Moreno has set a clear goal: Design marketing strategies aimed at converting casual riders into annual members. In order to do that, however, the marketing analyst team needs to better understand how annual members and casual riders differ, why casual riders would buy a membership, and how digital media could affect their marketing tactics. Moreno and her team are interested in analyzing the Cyclistic historical bike trip data to identify trends.
| Passes | Price |
|---|---|
| Single-Ride Pass | $1 + $0.16 / minute |
| Full-Day Pass | $15 + $0.16 / minute after 3 hours |
| Annual Memberships | $119 annually + $0.16 / minute after 45 minutes per day |
| E-Bike | $1 + $0.39 / minute or $0.16 / minute for members |
Identify the distinctive behavior between casual riders and annual members.

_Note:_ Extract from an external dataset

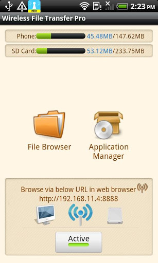 Transfer and manage your files wirelesslyWireless File Transfer Pro is the advanced version of Wireless File Transfer. Features:Wireless apk installationFile managementapp managementMultiple file selectionSearchThumbnailsList view

At the end of this report, the analyzed information is expected to assist the company to achieve their goal, and that is to convert potential users, casual riders into annual members and consequently increasing the profitability from the already existing pricing plans.
Cyclistic: A bike-share program that features more than 5,800 bicycles and 600 docking stations. Cyclistic sets itself apart by also offering reclining bikes, hand tricycles, and cargo bikes, making bike-share more inclusive to people with disabilities and riders who can’t use a standard two-wheeled bike. The majority of riders opt for traditional bikes; about 8% of riders use the assistive options. Cyclistic users are more likely to ride for leisure, but about 30% use them to commute to work each day.
Lily Moreno: The director of marketing and your manager. Moreno is responsible for the development of campaigns and initiatives to promote the bike-share program. These may include email, social media, and other channels.
Cyclistic marketing analytics team: A team of data analysts who are responsible for collecting, analyzing, and reporting data that helps guide Cyclistic marketing strategy. You joined this team six months ago and have been busy learning about Cyclistic’s mission and business goals — as well as how you, as a junior data analyst, can help Cyclistic achieve them.
Cyclistic executive team: The notoriously detail-oriented executive team will decide whether to approve the recommended marketing program.
The datasets used in this case study are obtained from the DIVVY bicycle sharing service that is located in Chicago, United States. It was made available by Motivate International Inc. under this license. The datasets has a different name since Cyclistic is a fictional company. The datasets can be downloaded from this link.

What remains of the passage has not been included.